By Max Rheese - posted Wednesday, 2 April 2008

Inconvenient facts articulated by Jennifer Marohasy in Climate facts to warm to, The Australian, March 22, which was written by Christopher Pearson, will no doubt have spoilt Easter for many environmental moralists.

As Marohasy points out, it is now accepted by the head of the IPCC that whether global temperatures are benchmarked from 1998 or 2002, they have plateaued or fallen. She says “The political implications are enormous. The meteorological community at the moment is really just coming to terms with the output from this NASA Aqua satellite.”

Let’s hope the epiphany delivered by the NASA Aqua satellite in form of new data will lead to the resurrection of balanced debate on climate science based on science and empirical evidence, rather than debate driven by political and funding agendas.


Will the environmental moralists, in keeping with the season and the data available, experience a road to Damascus conversion? Don’t hold your breath - there is too much at stake.

Some will never admit the falsehood of anthropogenic global warming - they will simply move onto the next environmental scare campaign.

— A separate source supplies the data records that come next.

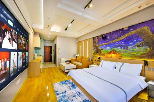 入住的房间干净整洁,布局合理,尤其值得称赞的是办公区域宽敞明亮,桌椅舒适,灯光亮度也很适合处理文件,加上稳定流畅的高速WiFi,让夜间临时加班的效率大幅提升。床品柔软亲肤,隔音效果极佳,即使在繁华地段也能拥有安静的睡眠环境,有效缓解了出差的疲惫。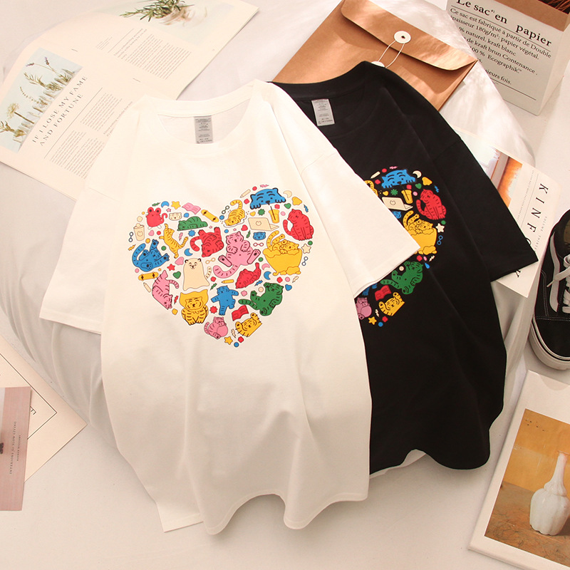 夏季新款卡通印花字母情侣短袖T恤男女圆领休闲宽松半袖DT525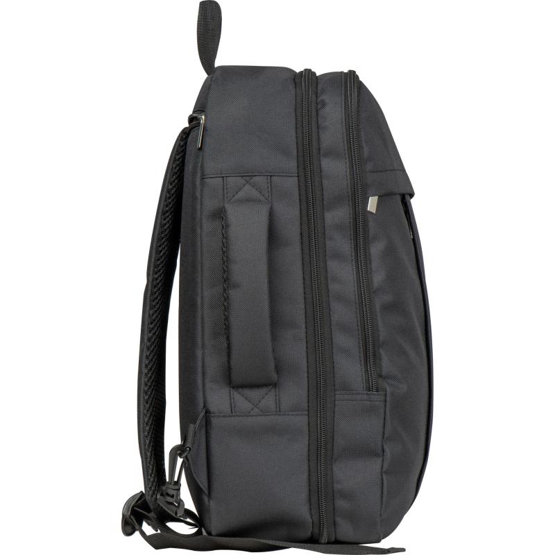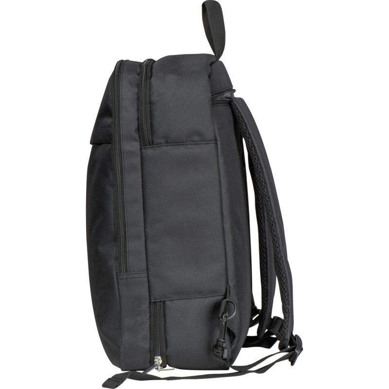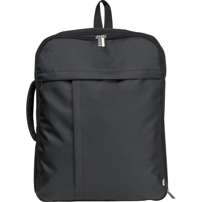 Plecak podróżny otwierany jak walizka, wykonany z RPET. Plecak posiada przegródkę na laptopa oraz pojemną komorę główną. Szelki można ukryć wewnątrz plecaka, dzięki czemu zmienia się w torbę.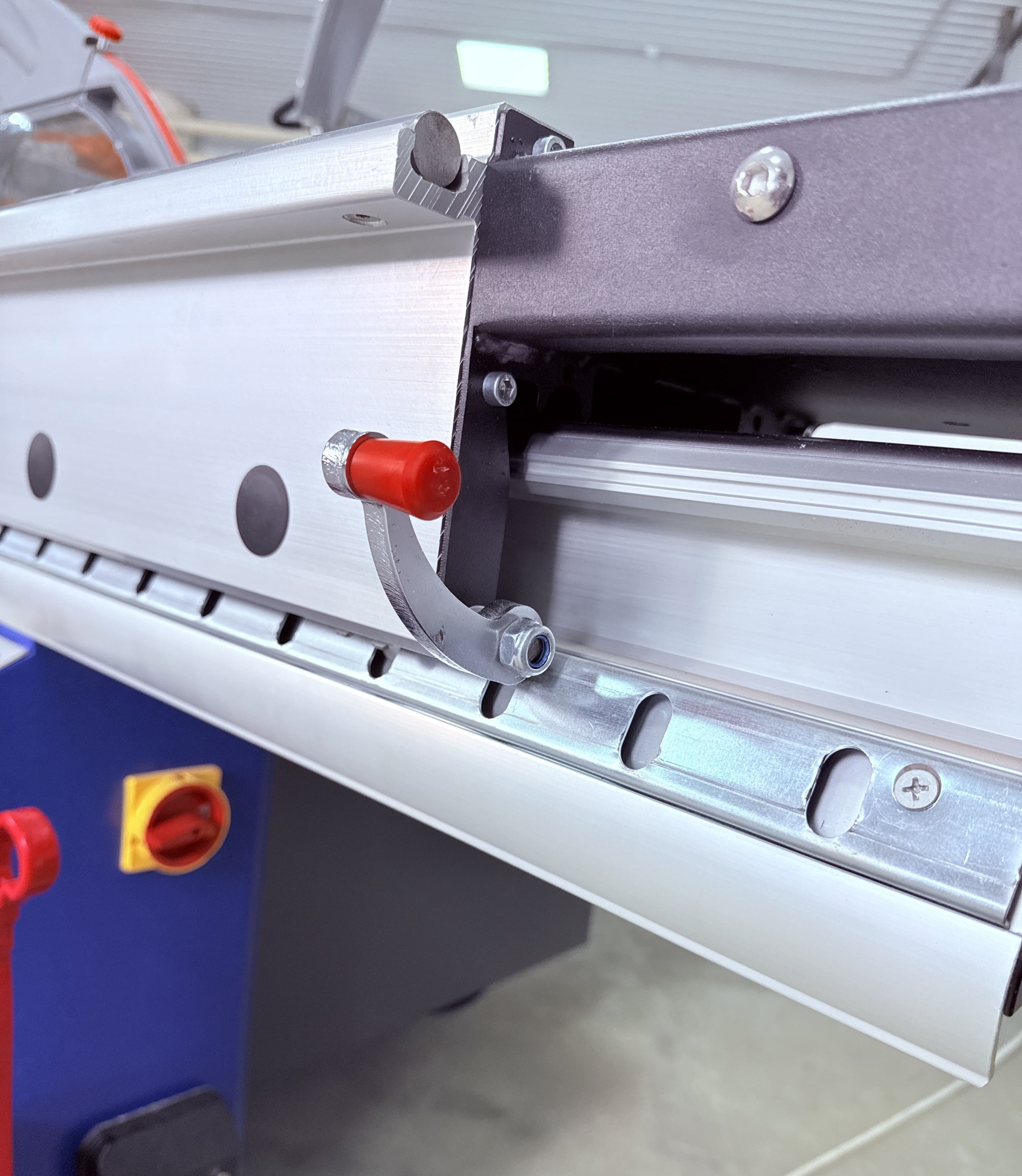Опорный стол можно передвигать и быстро фиксировать с помощью мощного зажима. Система настройки и регулировки диагоналей, выполненная с 2-х сторон стола, позволяет применять схему раскроя на мелкие детали «от себя», так, как это выполнено на станках ведущих европейских производителей.

For others though, with the continuing passage of time the truth will become self evident.

Ten years of temperatures not rising is hardly long enough to be definitive in itself, but coupled with undisputed rising levels of carbon dioxide over the same period it makes a powerful case to, at the very least say; the science on man-made climate change is not settled.

What will be interesting to observe is how high profile players in the man-made climate change debate deal with the new and emerging evidence.

Kevin Rudd, Ross Garnaut, Penny Wong and many others are ready to commit huge amounts of taxpayer dollars to schemes that will limit the effects of unproven man-made climate change, while the science opposing this view becomes more compelling by the day. Implementing schemes to adapt to natural climate change - this is common sense: investing in a radical change to the structure of our society based on computer modelling is something only a politician could contemplate.


Al Gore tells us this is a moral issue. Does this mean we have to accept the immoral arguments put forward by the anti-development, anti-capitalist, anti-American environmental moralists? Does Gore still occupy the high moral ground after the recent inconvenient British High Court ruling on the “facts” in his film? How “moral” are the presentations still being conducted jointly by Al Gore’s and the Australian Conservation Foundation ambassadors based on the “facts” of his film? I found the presentation I attended morally repugnant in its distortion of the facts. What was alarming was the unquestioning acceptance of the small town audience that it was presented to.

One of the follies of green activism - is that dissent can become more important than the outcome. Gore knows all about that, having lost his election due to the green candidacy of Ralph Nader - there must be a moral in that!

Back to Christopher Pearson’s article, “Catastrophic predictions of global warming usually conjure with the notion of a tipping point, a point of no return”.

Let’s hope that the data from NASA’s Aqua satellite is a tipping point - a point of return - from the abyss of catastrophic poor outcomes that would result for the world’s poor, the environment and society from the suppression of balanced debate on climate science that is not yet settled.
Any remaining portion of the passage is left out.